Security
14 min read read

Next.js Vulnerabilities: Protecting Your App from RSC & Middleware Exploits

Amit Narwal
Freelance Full Stack & AI Developer
Next.js Vulnerabilities: Protecting Your App from RSC & Middleware Exploits

Incident Overview

The vulnerabilities publicized in late 2025 and early 2026 exposed a fundamental weakness in modern Full-Stack frameworks: Internal Trust Paradigms.

Anatomy of 'React2Shell' (RCE)

The Flight Protocol used by Next.js to stream React Server Components is essentially a custom serialization format. Attackers discovered that by sending a specially crafted `__next_f` data stream, they could take advantage of an insecure recursive deserializer in the React runtime.

By injecting a `Proto` or a specific constructor chain into the stream, an attacker could trigger **arbitrary object assignment** leading to Remote Code Execution (RCE). This meant that an unauthenticated HTTP POST request could theoretically spawn a shell on your production VPC.

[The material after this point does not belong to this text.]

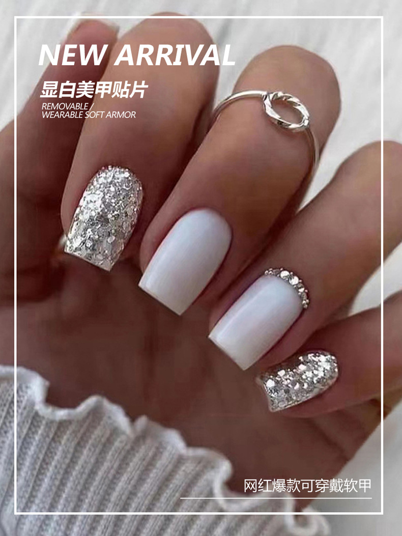 欧美新款穿戴甲短款奶白色闪粉简约美甲成品指甲贴片网红甲片定制

The Middleware Subrequest Bypass

This was perhaps even more dangerous. Next.js uses an internal header, x-middleware-subrequest, to flag when a request has already passed through the edge and is being routed internally.

The bug (CVE-2025-29927) allowed attackers to manually inject this header from the public internet. If your middleware logic assumed that any request with this header was \"already pre-cleared,\" the attacker could bypass your entire authentication layer and access `/admin` or `/api/internal` endpoints directly.

Remediation for Developers

  1. Upgrade immediately: Next.js 16.2 and 15.2.3 contain hard-baked header stripping for internal identifiers at the edge.
  2. Defense in Depth: Never trust the `middleware.ts` as your only gatekeeper. Always implement verifySession() inside your Server Actions or individual Page layouts.
  3. Content Security Policy: Use a strict CSP that prevents unauthorized data-injection into the Flight stream.